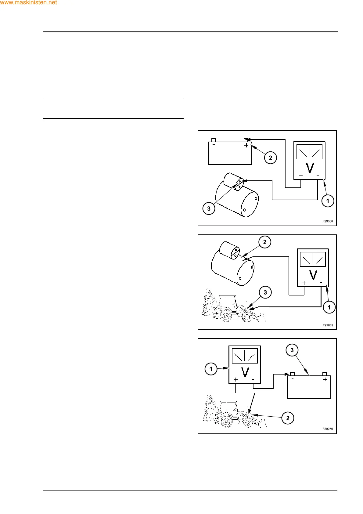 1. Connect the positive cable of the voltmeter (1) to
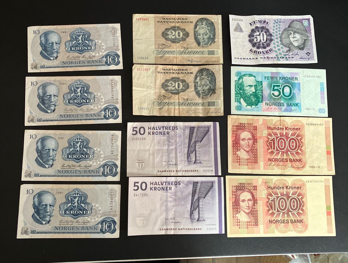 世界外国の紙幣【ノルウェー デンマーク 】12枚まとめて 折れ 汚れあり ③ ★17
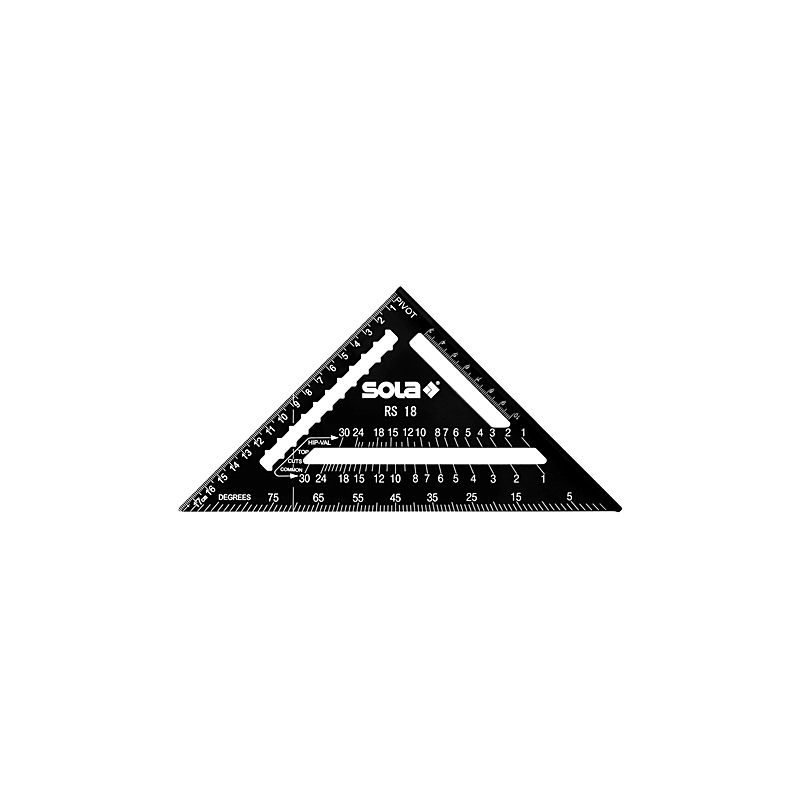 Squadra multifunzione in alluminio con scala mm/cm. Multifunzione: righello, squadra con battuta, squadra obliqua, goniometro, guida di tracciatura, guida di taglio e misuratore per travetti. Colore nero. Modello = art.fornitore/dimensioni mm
...
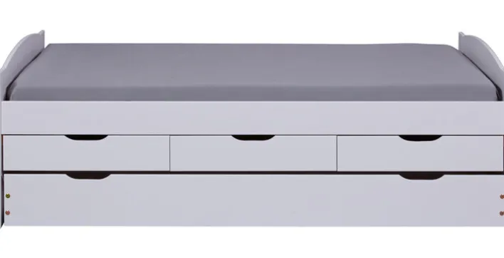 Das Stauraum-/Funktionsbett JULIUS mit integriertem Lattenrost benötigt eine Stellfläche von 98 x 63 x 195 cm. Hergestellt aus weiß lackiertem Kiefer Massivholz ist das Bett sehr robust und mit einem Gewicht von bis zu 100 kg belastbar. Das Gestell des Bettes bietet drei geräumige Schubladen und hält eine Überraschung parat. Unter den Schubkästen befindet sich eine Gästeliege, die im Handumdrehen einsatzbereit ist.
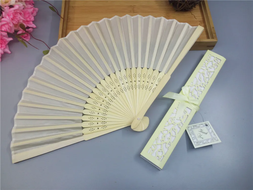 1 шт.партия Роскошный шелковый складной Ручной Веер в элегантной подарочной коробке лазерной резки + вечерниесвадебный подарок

• Task to complete: Return word for word the lines of the listing above, starting at the line with "1. Connect the" and ending at the line with "Squadra multifunzione in", both included. Pictures do not belong in the copy.

• Exercise result:
 1. Connect the positive cable of the voltmeter (1) to
 世界外国の紙幣【ノルウェー デンマーク 】12枚まとめて 折れ 汚れあり ③ ★17
 Squadra multifunzione in alluminio con scala mm/cm. Multifunzione: righello, squadra con battuta, squadra obliqua, goniometro, guida di tracciatura, guida di taglio e misuratore per travetti. Colore nero. Modello = art.fornitore/dimensioni mm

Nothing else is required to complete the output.